The Bad Part of Me

by Mel Lawrenz

[Op-Ed in The Milwaukee Journal Sentinel, Sunday, June 8, 2014]

Of all the shocking details about the two 12-year-old girls who allegedly stabbed a friend 19 times — the calculation, the savagery, the lunacy — the one part of the account that struck me the most is when the girls reportedly dragged their bleeding friend into the bushes and left her to die there.

No realization that they had made a terrible mistake. No change of heart. No remorse. Police said one of the girls said of the choice to abandon their friend: “The bad part of me wanted her to die; the good part of me wanted her to live.”

We will be trying to figure out for a very long time what went wrong such that a birthday party allegedly became a setup for an attempted murder among pre-teen girls. In our reflection, we have to pause to think about “the bad part of me.”

If we haven’t figured it out already, heinous shootings, bombings and stabbings often erupt from the lives of people who seem pretty normal. Perhaps isolated, often socially awkward, but not monsters. Inside however, there is “the bad part of me.” This should be sobering to us, and it should compel us to understand.

“The bad part of me” for 12-year-old Anissa Weier allegedly erupted in violence and became headlines. Just weeks earlier, her friend, Morgan Geyser, is reported to have drawn a picture of the fictional online character Slender Man on a napkin at a restaurant, and her obsession seemed amusing. Frightening things happen to “the bad part” of us when our psyches confuse fantasy and reality.

In our communities and families, we ought to be asking one very important question: How can we better look out for each other? Yes, there will be renewed calls for parents to be aware of what their young children are doing on the Internet. And we will look again at the problems of social isolation and ostracism in our schools. We will question whether ghoulish forms of entertainment are healthy. But we will not be going deep enough unless we are watching out for each other and discern what is happening in “the bad part of me.”

One day the London Times sent out an inquiry asking the simple question: What’s wrong with the world today? The editor was surprised to get back an even briefer reply from the widely influential Christian author G.K. Chesterton:

Dear sir:

I am.

Yours,

G.K. Chesterton.

There are dark parts of the soul in each and every one of us. This is the longstanding historic Christian view of human nature. Unpleasant but true. The darkness can be simple ignorance, solved by bringing more light into the situation. For some, darkness has become the living space for evil. Another kind of darkness is delusion, unpredictable and dangerous. If the allegations are true, the suspects seem to have been deluded in that they utterly confused reality and fantasy.

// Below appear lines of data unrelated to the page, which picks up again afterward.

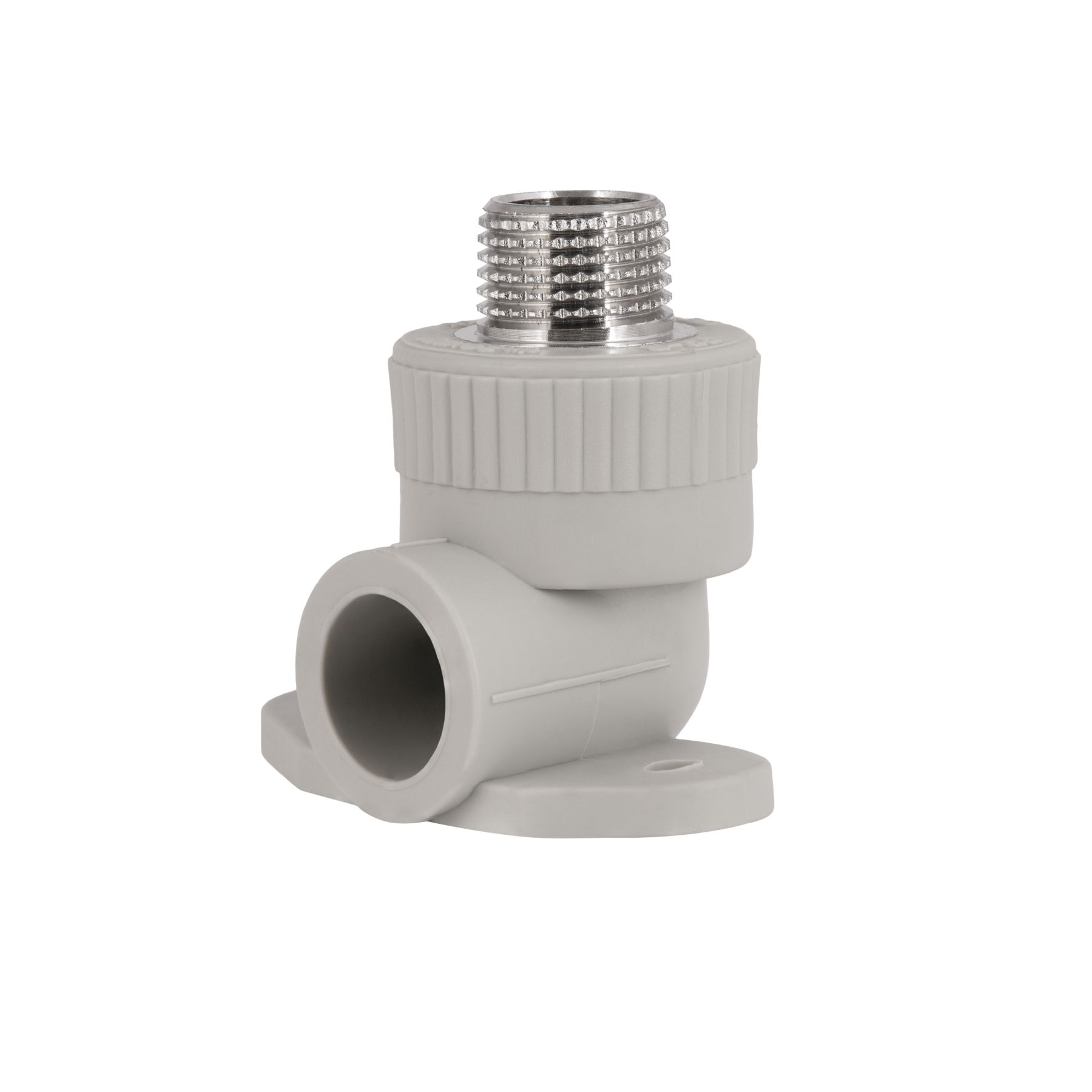 Кутник PPR Blue Ocean настінний з кріпленням 20х1/2", 90° НР виконаний з високоякісного поліпропілену. Завдяки матеріалу виготовлення виріб стійкий до постійної робочої температури до 90 ° С. Кутник кріпиться за допомогою шурупів до будь-якої поверхні без особливих зусиль. з двома отворами. Діаметр підключення фітинга до поліпропіленової або армованої труби становить 20 мм, діаметр зовнішньої різьби - 1/2".
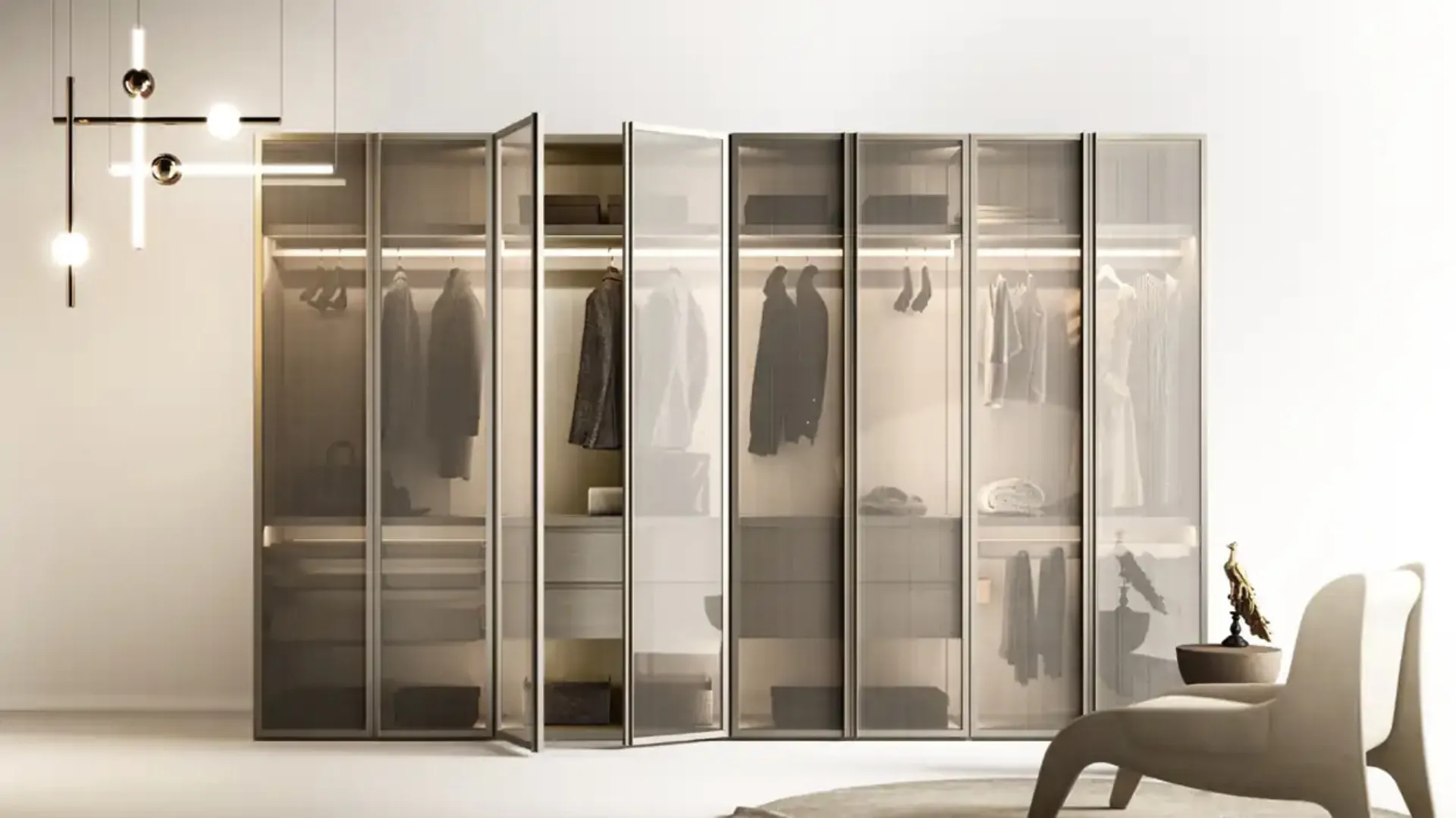 Cerchi un guardaroba in vetro? Clicca e scopri armadi cabine armadio con ante battenti di Moretti Compact Giorno Notte.
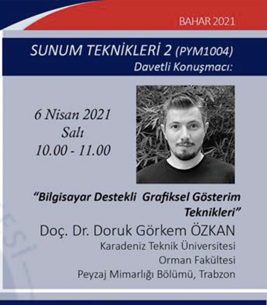 Bölümümüz öğretim üyelerinden, Doç. Dr. Doruk Görkem ÖZKAN Kırıkkale Üniversitesi Peyzaj Mimarlığı Bölümü lisans dersleri kapsamında davetli konuşmacı olarak “Bilgisayar Destekli Grafiksel Gösterim Teknikleri” başlıklı ders sunumu yapmıştır.
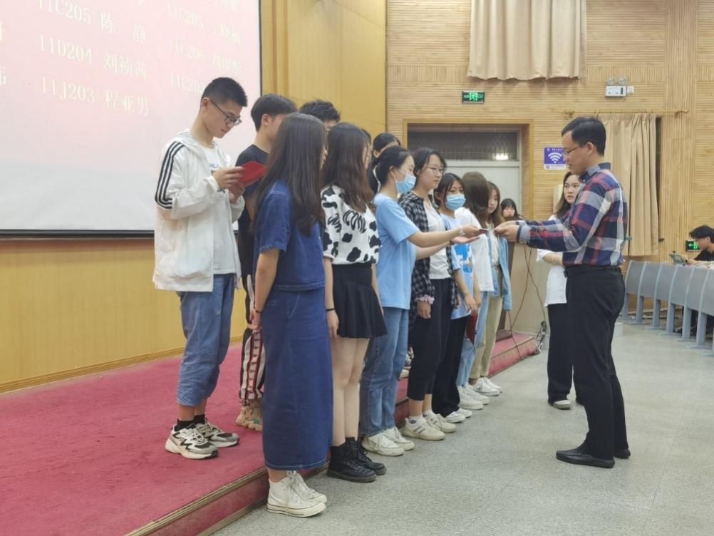 武彦斌宣读《关于表彰2021年度五四先进集体及优秀个人的决定》,并依次为获得学院五四红旗团支部、特色团支部、志愿服务工作优秀班集体、好支书、好班长、优秀共青团干部、优秀共青团员、优秀志愿者、优秀通讯员颁发奖状。
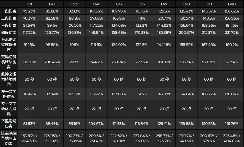 荒泷一斗 普通攻击1-10级倍率 荒泷一斗普通攻击Lv10循环倍率:720.45% 荒泷一斗普通攻击Lv10重击倍率:178.84%(左一文字斩 为一段伤害) 荒泷一斗普通攻击Lv10「荒泷逆袈裟」斩击倍率:557.6%—1098.2%(2层—5层「荒泷逆袈裟」) 相比之下 迪卢克的普通攻击Lv10循环倍率是:810.73% 迪卢克的普通攻击Lv10重击倍率是:810.44%(4段重击循环伤害+重击终结伤害) 优菈的普通攻击Lv10循环倍率是:1093.54% 优菈的普通攻击Lv10重击倍率是:789.91%(4段重击循环伤害+重击终结伤害) 元素战技 元素战技:魔杀绝技·赤牛发破! 元素战技1-10级倍率
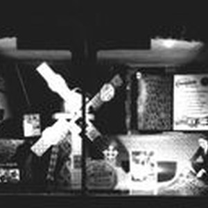 Photo--black and white: The Starr Furniture store on Main Street Sebastopol seen from the outside looking into the store window. The display is of Congoleum floor coverings and a man is to the right showing the flooring. Circa 1920s-30's. The store was located where present day (2009) Copperfield's Book is located.
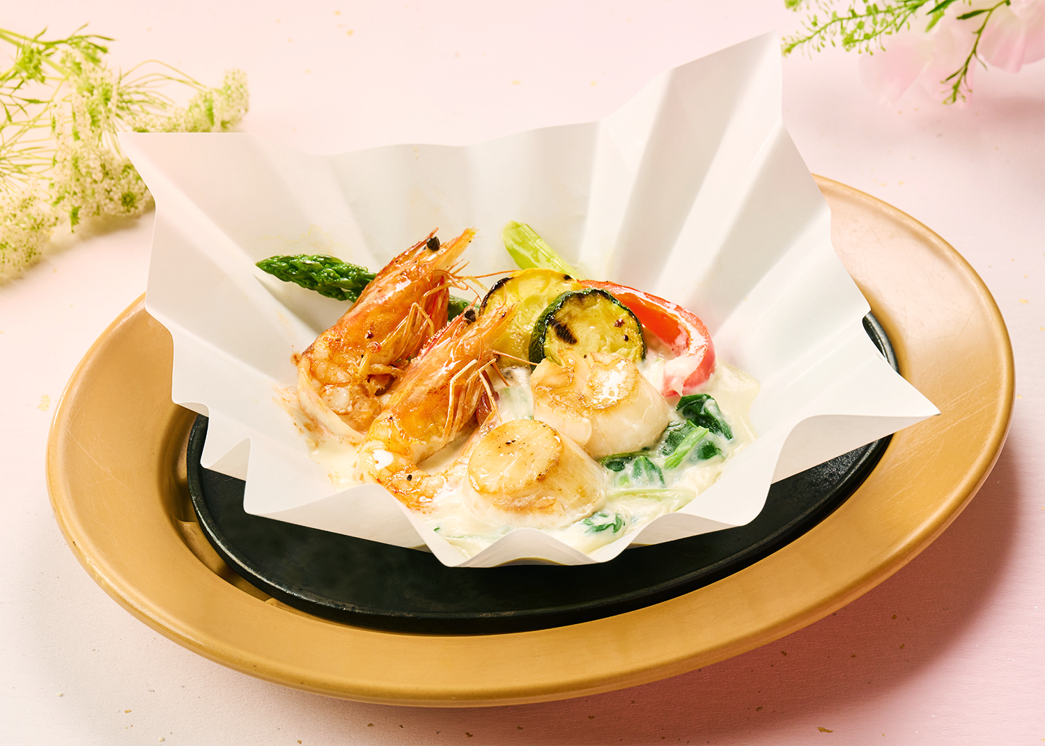 道地傳統的法式奶油醬與極鮮海產絕配組合,香醇奶油搭配淡淡果香的白酒香氣和海鮮相得益彰,搭配春季時蔬蘆筍與菠菜,是一道結合法式與日式的美味料理。
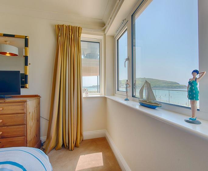 No 8. Exceptional - the best site of all. The ground-floor corner apartment with a double aspect terrace three times the size of all other ground-floor terraces; superb views, table/chairs, loungers, gas barbecue. Inside, hardwood floors (rugs) in living areas; carpeted bedrooms. Furnished in oak; decorated in neutral colours and contemporary coloured fabrics, seaside themes. Good-sized living/dining room (sofa bed, TV/Sky/DVD) and slightly recessed Shaker kitchen (dishwasher, washer-drier, microwave, fridge-freezer); glazed doors to terrace. Two bedrooms, both with sea views – double (5’ bed) plus single bed with en suite bathroom (suite plus bath-shower), twin with en suite shower-room (power-shower, suite). Best for maximum of 4 adults.

We need to look out for each other. We need to take delusion very seriously. Adults need to understand that the developing minds of children have phases when they are not grounded in reality and that is when they need protection.But watching out for the bad is only one side of the issue. “The bad part of me wanted her to die; the good part of me wanted her to live.” What about “the good part”?

Perhaps the most important question is: How can we look out for each other in order to strengthen, develop and deepen “the good part of me”? Will we take our spiritual lives seriously?